[AIM OF THE EXERCISE]
Without the pictures, output all of the data exactly.
***** INFORMATION GIVEN
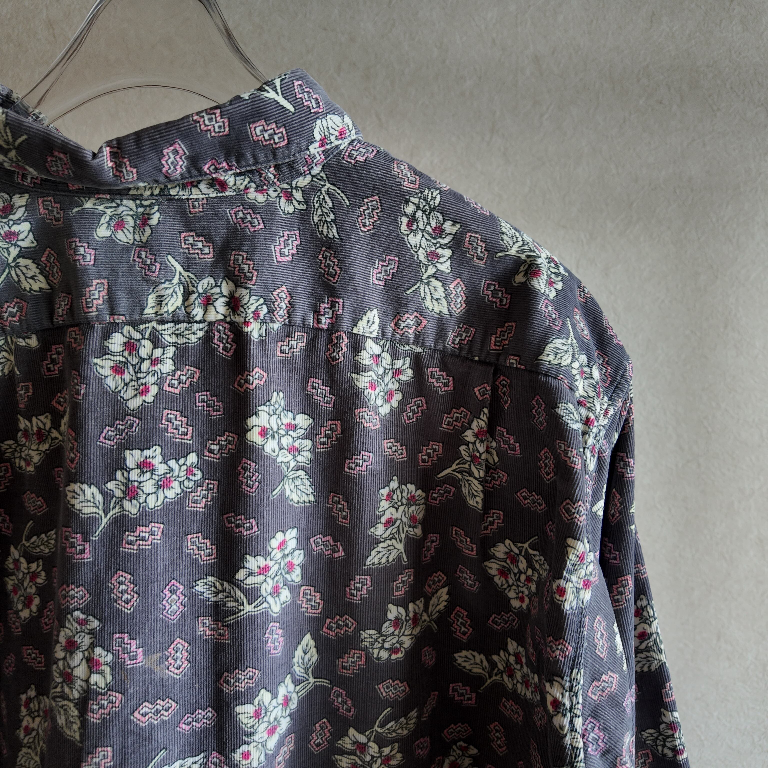 レインスプーナーとなると半袖ハワイアンシャツを想像する方がほとんどだと思いますが、こちらは長袖プリントコーデュロイ。
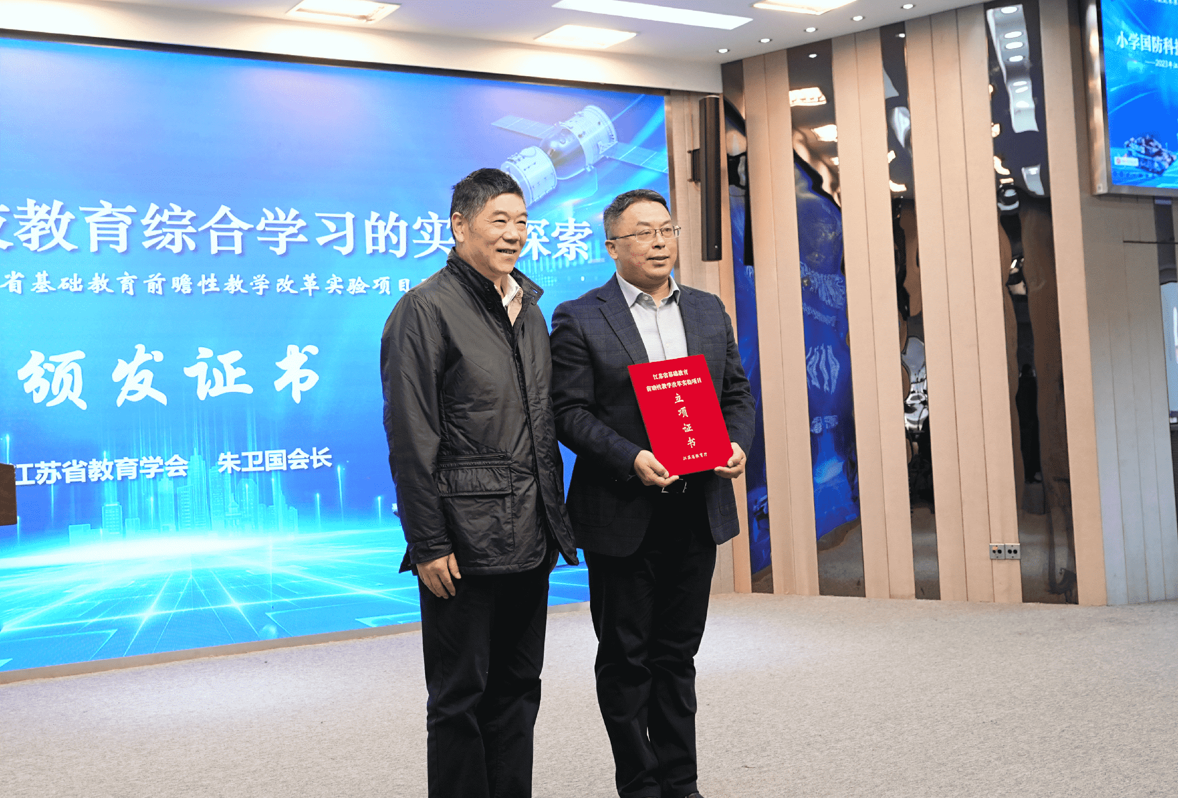 11月20日,2023年江蘇省基礎教育前瞻性教學改革實驗項目現場會在南京市小營小學舉行。記者在現場了解到,小營小學以《小學國防科技教育綜合學習的實踐探索》成功立項江蘇省基礎教育前瞻性教學改革實驗一類重大項目,江蘇省教育學會會長朱衛國現場為學校頒發立項證書。
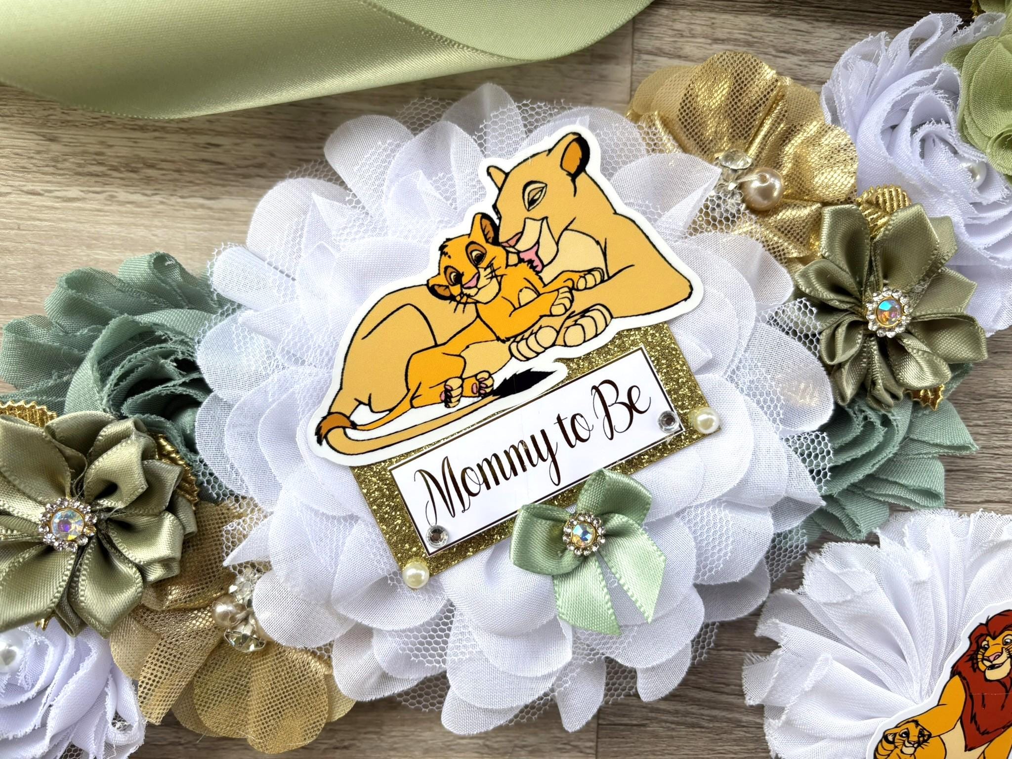 ☆ Maternity Sash: This has eleven flowers embellished with rhinestones and pearls. Additionally, this sash is decorated with lion animals. The ribbon sash is 80'' (2 meters) long.
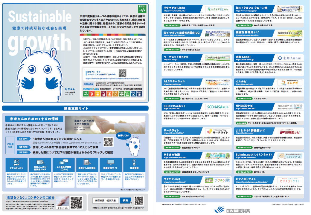 On these websites, we provide useful information with illustrations about the symptoms, diagnoses, and treatment of these diseases that helps many people gain an understanding of diseases and the importance of treatment, and supports the daily lives of patients and their families. We have also prepared leaflets that summarize the information on the health support websites so that healthcare professionals including doctors and pharmacists can present them to patients and their families.
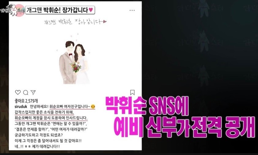 박휘순 SNS 를 통해 "휘순 오빠 여자 친구입니다"라는 시작과 함께 깜짝 결혼 발표를 하게 된 것이지요.
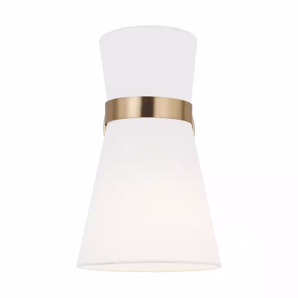 Generation Lighting Clark 7 in. 1-Light Satin Brass Wall Sconce With White Linen Shade and LED Light Bulb
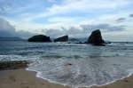 Perjalanan ke Pantai Papuma sekitar 60-90 menit. Menjelang sampai Pantai Papuma jalanan di kelilingi tanaman jati yang baru berumur 1-3 tahun. Ada juga yang sudah berumur cukup tua. Di pintu masuk / gerbang karcis kalau ke kiri itu ke Watu Ulo, sedangkan Pantai Papuma ke kanan. Tiket masuk… (berapa yah? Mungkin 17rb/orang). Lalu jalanan menanjak dan banyak monyet yang bekeliaran. Dan akhirnya dibawah ini adalah sebagian dari Pantai Papuma tersebut… jangan lupakan mencicipi Edamame yang sangat segar dan tentu saja berkhasiat mengurangi resiko cholesterol (seperti saya) dan tape ubi kuning yang manis seperti madu (belilah tape kuning madu dan edamamenya, beli yang cukup, karena sangat mungkin Anda akan ketagihan seperti saya :D. Ohya, khusus edamame, itu hanya tahan 7 jam, jadi belilah yang telah dibungkus khusus. Dan ingat, yang dibungkus, yang telah melalui proses pemasakan dan disimpan dalam box pendingin -18 derajat celcius itu sudah matang, sampai dirumah cukup diangin-anginkan atau di rendam air panas sejenak. Langsung santap. Kalau tape, tinggal pilih, mau yang mtang kapan.
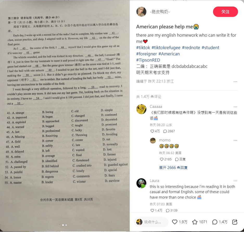 另一方面,大量美國人涌入小紅書,亦使部份苦于英文難題的內地網民得到“救星”,不少內地學生在美國人的評論區中曬出題目照片,并詢問正確答案,熱心的“英文母語者”亦給予解答。不過,對于不確定的題目,他們亦會用中文禮貌回覆,“我不知道,對不起”。
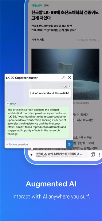 Beyond browsing, Raya enhances your experience by summarizing content, answering queries, and storing conversations securely on your device. Raya ensures personalized assistance while prioritizing your privacy.
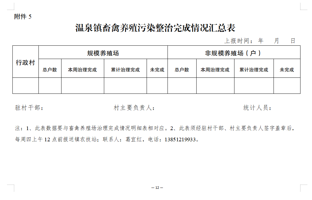 (二)强化信息上报。各村要明确专人负责畜禽养殖污染专项整治联络员统计工作,于每周四上午12点前上报畜禽养殖污染整治完成情况明细表、汇总表至领导小组办公室。
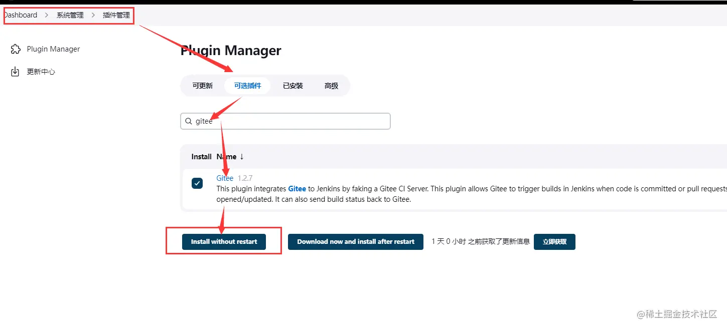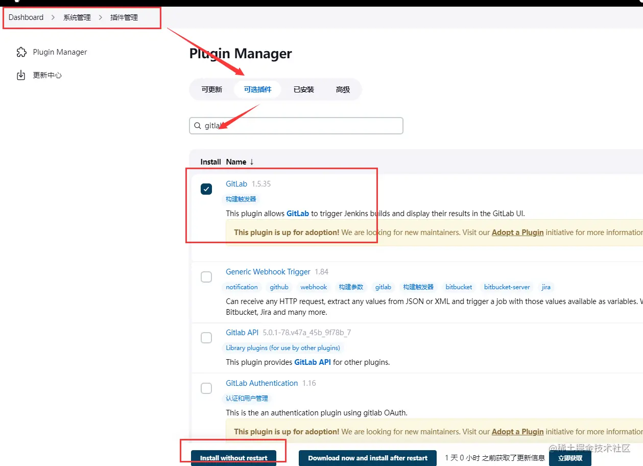 安装gitlab插件或者gitee插件,取决于你的代码是用的哪个仓库,如果都在用,这两个插件都可以下载
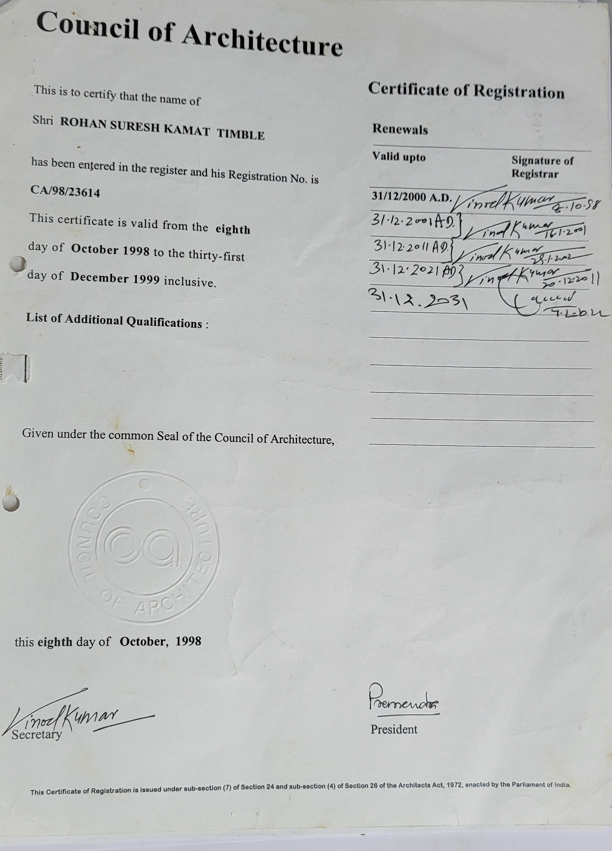 | Other documents/information | New Architect Council of Architecture Regn | New Architect Arch Rohan S K Timble Council of Architecture Registration.jpg |
**********
[RESULT OF THE TASK]
 レインスプーナーとなると半袖ハワイアンシャツを想像する方がほとんどだと思いますが、こちらは長袖プリントコーデュロイ。
 11月20日,2023年江蘇省基礎教育前瞻性教學改革實驗項目現場會在南京市小營小學舉行。記者在現場了解到,小營小學以《小學國防科技教育綜合學習的實踐探索》成功立項江蘇省基礎教育前瞻性教學改革實驗一類重大項目,江蘇省教育學會會長朱衛國現場為學校頒發立項證書。
 ☆ Maternity Sash: This has eleven flowers embellished with rhinestones and pearls. Additionally, this sash is decorated with lion animals. The ribbon sash is 80'' (2 meters) long.
 On these websites, we provide useful information with illustrations about the symptoms, diagnoses, and treatment of these diseases that helps many people gain an understanding of diseases and the importance of treatment, and supports the daily lives of patients and their families. We have also prepared leaflets that summarize the information on the health support websites so that healthcare professionals including doctors and pharmacists can present them to patients and their families.
 박휘순 SNS 를 통해 "휘순 오빠 여자 친구입니다"라는 시작과 함께 깜짝 결혼 발표를 하게 된 것이지요.
 Generation Lighting Clark 7 in. 1-Light Satin Brass Wall Sconce With White Linen Shade and LED Light Bulb
 Perjalanan ke Pantai Papuma sekitar 60-90 menit. Menjelang sampai Pantai Papuma jalanan di kelilingi tanaman jati yang baru berumur 1-3 tahun. Ada juga yang sudah berumur cukup tua. Di pintu masuk / gerbang karcis kalau ke kiri itu ke Watu Ulo, sedangkan Pantai Papuma ke kanan. Tiket masuk… (berapa yah? Mungkin 17rb/orang). Lalu jalanan menanjak dan banyak monyet yang bekeliaran. Dan akhirnya dibawah ini adalah sebagian dari Pantai Papuma tersebut… jangan lupakan mencicipi Edamame yang sangat segar dan tentu saja berkhasiat mengurangi resiko cholesterol (seperti saya) dan tape ubi kuning yang manis seperti madu (belilah tape kuning madu dan edamamenya, beli yang cukup, karena sangat mungkin Anda akan ketagihan seperti saya :D. Ohya, khusus edamame, itu hanya tahan 7 jam, jadi belilah yang telah dibungkus khusus. Dan ingat, yang dibungkus, yang telah melalui proses pemasakan dan disimpan dalam box pendingin -18 derajat celcius itu sudah matang, sampai dirumah cukup diangin-anginkan atau di rendam air panas sejenak. Langsung santap. Kalau tape, tinggal pilih, mau yang mtang kapan.
 另一方面,大量美國人涌入小紅書,亦使部份苦于英文難題的內地網民得到“救星”,不少內地學生在美國人的評論區中曬出題目照片,并詢問正確答案,熱心的“英文母語者”亦給予解答。不過,對于不確定的題目,他們亦會用中文禮貌回覆,“我不知道,對不起”。
 Beyond browsing, Raya enhances your experience by summarizing content, answering queries, and storing conversations securely on your device. Raya ensures personalized assistance while prioritizing your privacy.
 (二)强化信息上报。各村要明确专人负责畜禽养殖污染专项整治联络员统计工作,于每周四上午12点前上报畜禽养殖污染整治完成情况明细表、汇总表至领导小组办公室。
 安装gitlab插件或者gitee插件,取决于你的代码是用的哪个仓库,如果都在用,这两个插件都可以下载
 | Other documents/information | New Architect Council of Architecture Regn | New Architect Arch Rohan S K Timble Council of Architecture Registration.jpg |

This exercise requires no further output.